On July 20, Kelli and I had our fourth child. Micah David Creel was born at about 6 PM and he weighed about eight pounds (3.6 kilos). He is the second child that we have had here in Israel. It's a very different experience having a child here.

The hospitals are good and the quality of labor and delivery care is comparable to America, but from that point on it gets different. The first thing is that there are no private rooms here. Kelli was lucky this time. There was only one other lady in the room with her. Some rooms have as many as six women and on particularly busy days, some women just have a bed in the hall.

Micah was the first son that we have had here and that led to another interesting situation. In Israel circumcision is not just a medical procedure done for hygienic purposes. It is a religious act. Here it is done according to the Bible, on the eighth day by a special rabbi called a "mohel". About twenty of them came by and gave us their card and offered to do the deed. We eventually found a doctor that would do the procedure without the religious ceremony.

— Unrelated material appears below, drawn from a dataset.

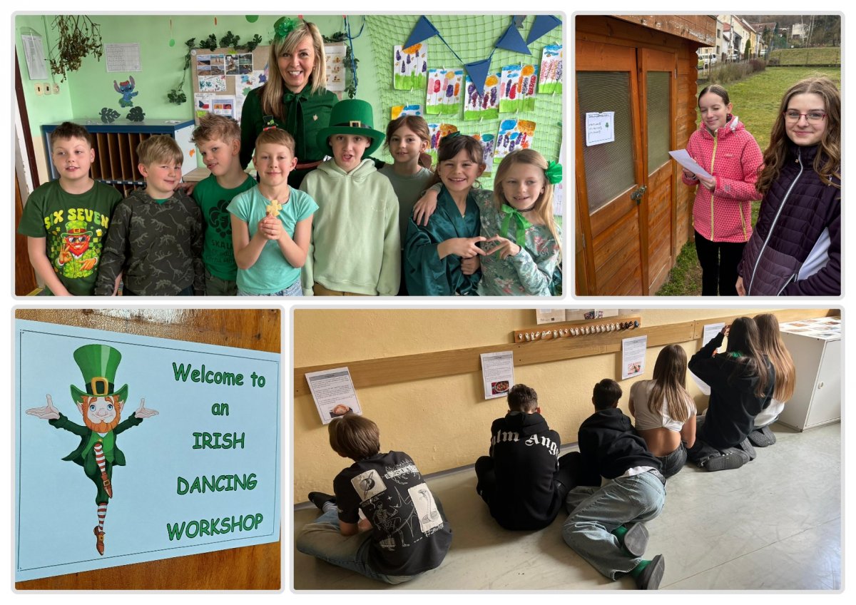 Na 17. březen připadá největší irský svátek - Den svatého Patrika. I v naší škole se to zazelenalo a sedmáci a osmáci si užili projektový den plný irské kultury - zeměpisem a dějepisem počínaje, přes jídlo, až po praktický nácvik irského tance.

Americans don't like to see unpleasant things. We pay people to prepare dead bodies for us. We don't see them until they are clean and dressed in a big cushy coffin. We don't ever see an animal slaughtered. We just pick up vacuum sealed meat from Wal-Mart. We also send our baby boys off for circumcision and get them back hours later when they are bandaged up and through screaming. I had to hold Micah down while the doctor cut away. Micah is over the whole thing. I, however, am still disturbed.

Now, we are four weeks into having the little guy at home and the other reality of missionary life is setting in. We are separated from our families. Micah has been a very demanding baby up until this point. He eats constantly and cries a lot. If we were at home we would have grand-parents and relatives to lean on. Here we don't. Kelli and I take turns with the kids. We call it tagging in and out. We're learning to live with chronic fatigue and yearning for the day when Micah starts sleeping on a regular schedule.


Honestly, the process has been hard, but we thank God for getting us through so far and we know that He will sustain us. We are most thankful for the fact that Micah is healthy and growing.

Friday, August 8, 2008

Abu Shakra???

I decided on a pretty odd URL for this blog so I thought I might explain.

Several years ago I was volunteering at a local Christian missions school that ministers to Arabs. I was teaching religion and history to high-schoolers. The girls in my tenth grade history class decided that Mr. Jamison was too much to say and not sufficiently descriptive. They started calling me Abu Shakra. It means "father of the blond". The name stuck and for quite some time I answered to it.

I don't get called that as much as I used to, but I think that it is pretty representative of my life here. First of all it was given to me and used by the Jerusalem students that I love so much. Secondly, it symbolizes a life lived in a place where every single person who sees you immediately knows that you are a foreigner. And lastly, it's exactly where I am now. I am currently the father of four beautiful blond children.